Harvard’s Latest Attack on Homeschooling Abuses Reason and Justice

Harvard University publications continue to present a skewed perspective of homeschooling, spotlighting Harvard Law School professor Elizabeth Bartholet’s call for a “presumptive ban” on homeschooling while failing to provide an accurate picture of American homeschooling.

In addition to the recent Harvard Magazine article on “The Risks of Homeschooling,” both the Harvard Crimson and the Harvard Gazette ran stories last week reinforcing Bartholet’s one-sided view of homeschooling.

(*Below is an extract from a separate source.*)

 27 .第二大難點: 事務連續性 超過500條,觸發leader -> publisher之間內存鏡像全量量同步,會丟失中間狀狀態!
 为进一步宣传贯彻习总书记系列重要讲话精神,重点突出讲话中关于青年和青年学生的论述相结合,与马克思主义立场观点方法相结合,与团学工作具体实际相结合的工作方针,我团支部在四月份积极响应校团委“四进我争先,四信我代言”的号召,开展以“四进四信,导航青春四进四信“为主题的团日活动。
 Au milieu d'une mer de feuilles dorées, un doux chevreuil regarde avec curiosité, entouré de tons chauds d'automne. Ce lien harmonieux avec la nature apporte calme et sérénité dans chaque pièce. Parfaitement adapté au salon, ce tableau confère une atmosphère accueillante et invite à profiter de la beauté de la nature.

While Harvard’s invitation-only summit to address homeschooling’s “problems, politics, and prospects for reform” scheduled for next month has been postponed due to COVID-19, the disinformation campaign against homeschooling goes on.

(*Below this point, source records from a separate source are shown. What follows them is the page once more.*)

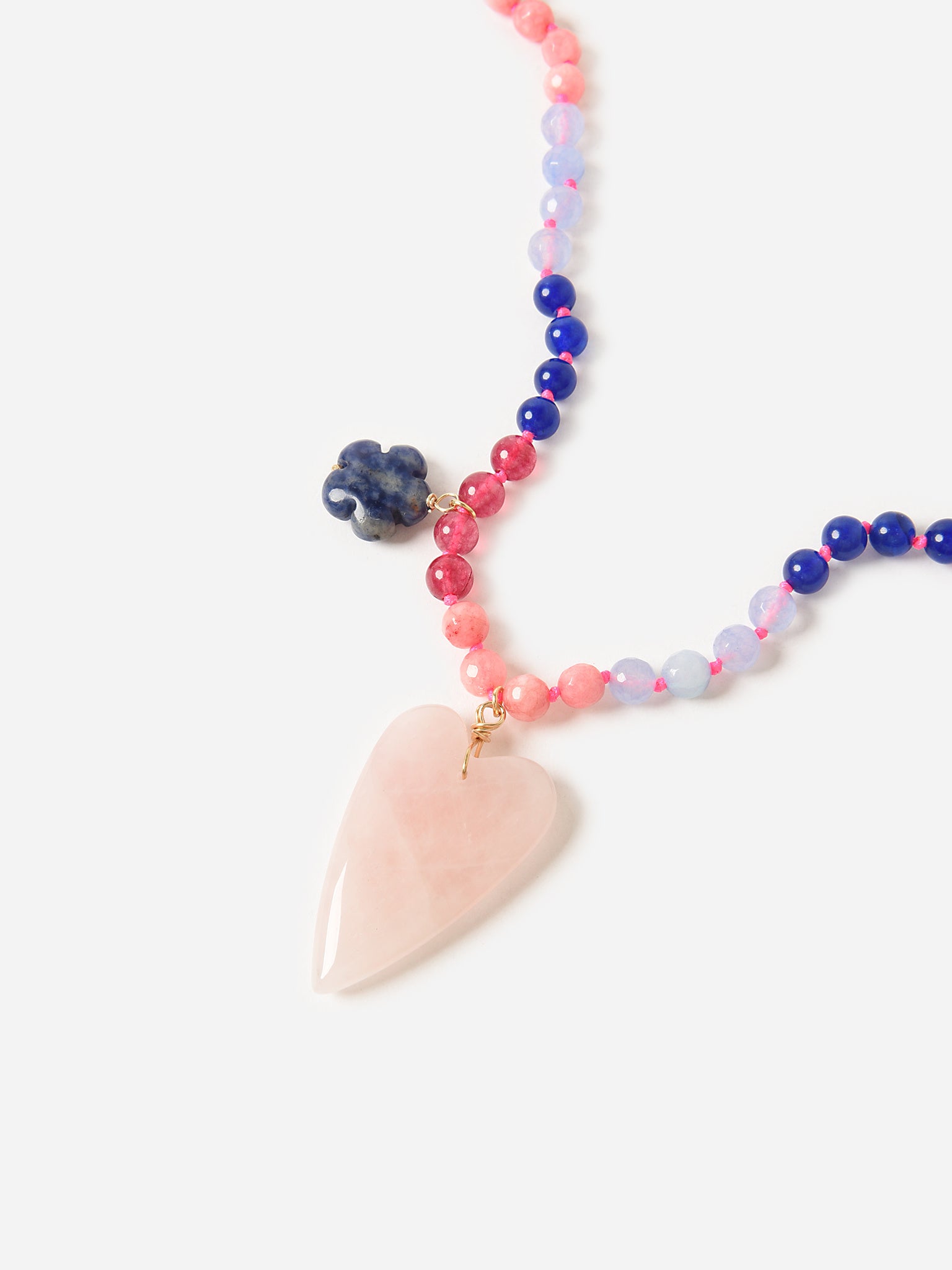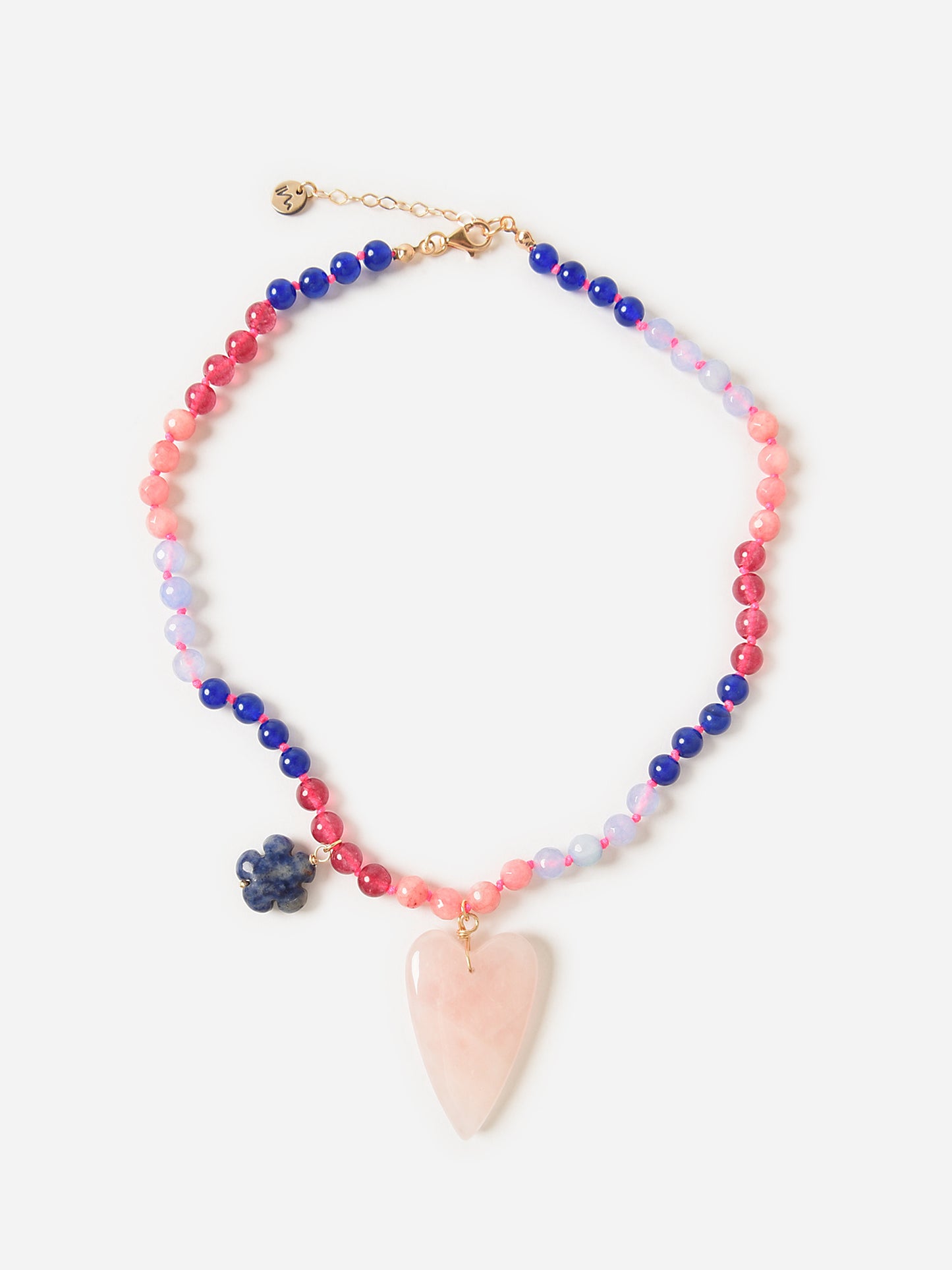 A colorful necklace made from semi-precious beads with a heart and floral pendant.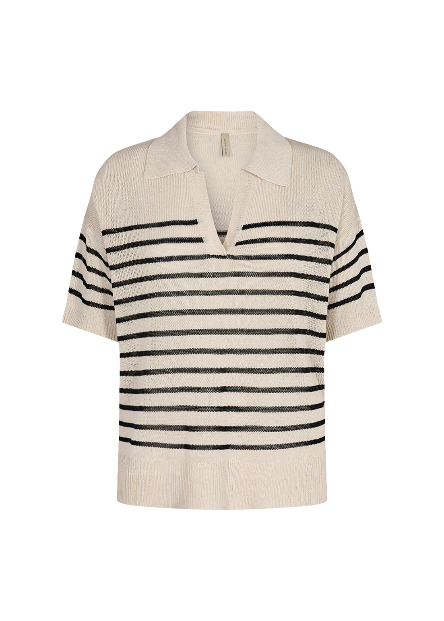 SC-Luanna 2 ist ein klassischer Pullover in einer schönen Mischung aus Acryl, Tencel und Leinen. Der Pullover hat eine lockere Passform, einen V-Ausschnitt, einen Polokragen, ein gestreiftes Muster und eine Strickqualität. Kombiniere ihn mit einer Anzughose und Loafers für einen klassischen Look.
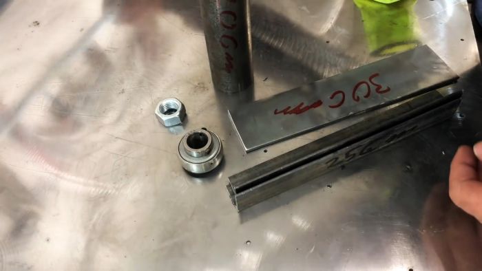 Привариваем подшипник к верхнему отверстию трубы. На прут с резьбой накручиваем гайку.

Interestingly, in the recent Gazette interview, Bartholet admits that most parents are quite able to homeschool their children. She says: “I believe that the overwhelming majority of parents are capable of providing at least a minimal education at home without presenting any danger of abuse or neglect.” Yet, in recommending a “presumptive ban” on the practice she would “require that parents demonstrate that they have a legitimate reason to homeschool—maybe their child is a super athlete, maybe the schools in their area are terrible.”

She would also require parents to “demonstrate that they’re qualified to provide an adequate education and that they would provide an education comparable in scope to what is required in public schools,” as well as “require that their kids participate in at least some school courses and extracurricular activities so they get exposure to a set of alternative values and experiences.” In other words, parents may be able to get permission from the government to homeschool their kids if they can jump through certain government-approved hoops and send their kids, at least part of the time, to the government schools from which they are fleeing.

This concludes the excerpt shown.